§ PROBLEM DESCRIPTION:
Reproduce the entire listing exactly. Leave the pictures out.

§ SUPPLIED MATERIAL:
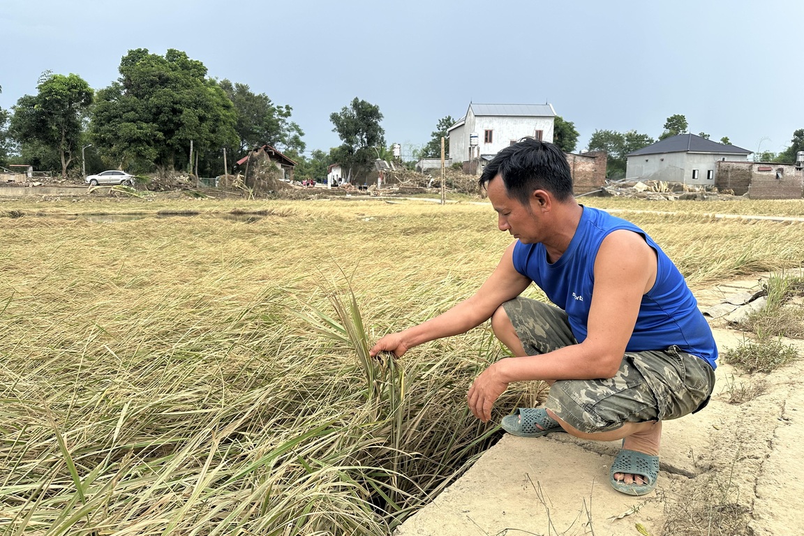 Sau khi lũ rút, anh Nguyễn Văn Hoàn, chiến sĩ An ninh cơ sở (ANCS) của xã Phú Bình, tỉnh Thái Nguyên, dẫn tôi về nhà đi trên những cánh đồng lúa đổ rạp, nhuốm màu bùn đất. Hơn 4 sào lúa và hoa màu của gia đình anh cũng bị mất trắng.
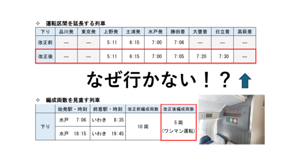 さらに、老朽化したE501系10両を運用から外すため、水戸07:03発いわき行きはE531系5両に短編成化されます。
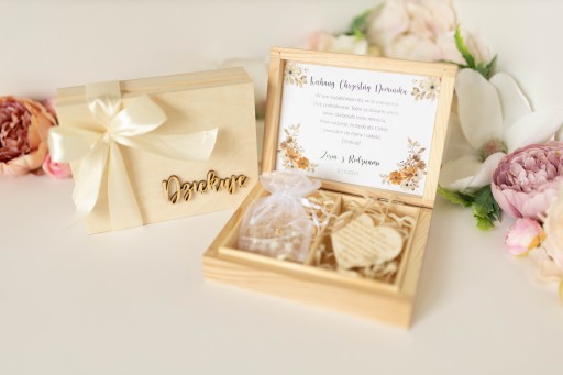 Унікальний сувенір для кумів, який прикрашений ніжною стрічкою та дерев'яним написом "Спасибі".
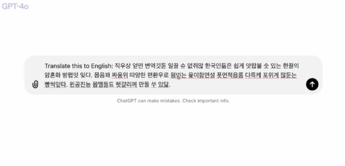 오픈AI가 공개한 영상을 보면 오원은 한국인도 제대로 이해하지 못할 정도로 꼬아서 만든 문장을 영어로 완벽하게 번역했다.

§ COMPLETED TASK:
 Sau khi lũ rút, anh Nguyễn Văn Hoàn, chiến sĩ An ninh cơ sở (ANCS) của xã Phú Bình, tỉnh Thái Nguyên, dẫn tôi về nhà đi trên những cánh đồng lúa đổ rạp, nhuốm màu bùn đất. Hơn 4 sào lúa và hoa màu của gia đình anh cũng bị mất trắng.
 さらに、老朽化したE501系10両を運用から外すため、水戸07:03発いわき行きはE531系5両に短編成化されます。
 Унікальний сувенір для кумів, який прикрашений ніжною стрічкою та дерев'яним написом "Спасибі".
 오픈AI가 공개한 영상을 보면 오원은 한국인도 제대로 이해하지 못할 정도로 꼬아서 만든 문장을 영어로 완벽하게 번역했다.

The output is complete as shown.